I understand this kind of obsessive concerning about certain things, pay no mind. hehe

giuliandrimba commented 11 years ago

Hi @madundead , there is a difference between uppercase and lowercase namespaces, as Javascript is case-sensitive, a variable starting with lowercase is different than a variable with the same name but with uppercase. I usually make the namespaces with lowercase and the "Class Name/Object/Constructor Function" with uppercase.

Example:

app.views.Home = function(){} app.views.home.Gallery = function(){}

app.views.home is different than app.views.Home

Don't forget to create each part of the namespace as an object, so it wouldn't throw an "undefined" error.

I usually use this helper method to create namespaces: https://gist.github.com/4221198

So, I think letting the namespace and the Constructor Function with uppercase would not work, unless you use an Object instead of a Constructor Function.

I might be wrong, but in Backbone, there is just 1 level of namespace that is "Backbone", so its hard to have conflict between namespace and object/constructor function.
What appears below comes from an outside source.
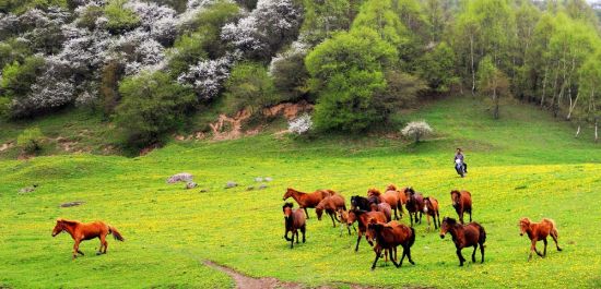 關(guān)山在很長一段時間一直是中國重要的牧馬之地。據(jù)史書記載,大將衛(wèi)青、霍去病北征匈奴,曾從關(guān)山征集戰(zhàn)馬14萬匹,足見當時這里牧馬業(yè)的繁盛。然而現(xiàn)在,馬的蹤跡只是景區(qū)的點綴,要想看到萬馬奔騰的場面,要去河西走廊的山丹軍馬場。

arboleya commented 11 years ago

@madundead @giuliandrimba Hi, just to let clear, the ns approach Giulian said doesn't apply if you're using Toaster, because Toaster do this ns things for you.

In other hand, when doing js "manually" it can be usefull, Toaster had a __t helper for it some versions ago: https://github.com/serpentem/coffee-toaster/blob/0.6.3/examples/single-folder/www/js/app.js

The pitfall of this method is that you may be unable to document your code properly, with some docs generator. It's because the dynamically created ns are harder to follow and sometimes it can't even be found (depending on the docs system).

So in the last versions of Toaster this helper was removed in favor of hardcoded declared objects: https://github.com/serpentem/coffee-toaster/blob/0.6.10/examples/single-folder/www/js/app.js

giuliandrimba commented 11 years ago

@arboleya @madundead Agreed with Arboleya, the approach Toaster use is better than creating namespaces at runtime.

arboleya commented 11 years ago

@madundead After some reflection, I see that in fact there's no viable use for this approach that can justify so much work implementing it. So I'm closing it.

Thanks for suggesting anyway.

madundead commented 11 years ago

Sorry it's been awhile.

@giuliandrimba Thanks, I get it now. @arboleya Thanks for your time.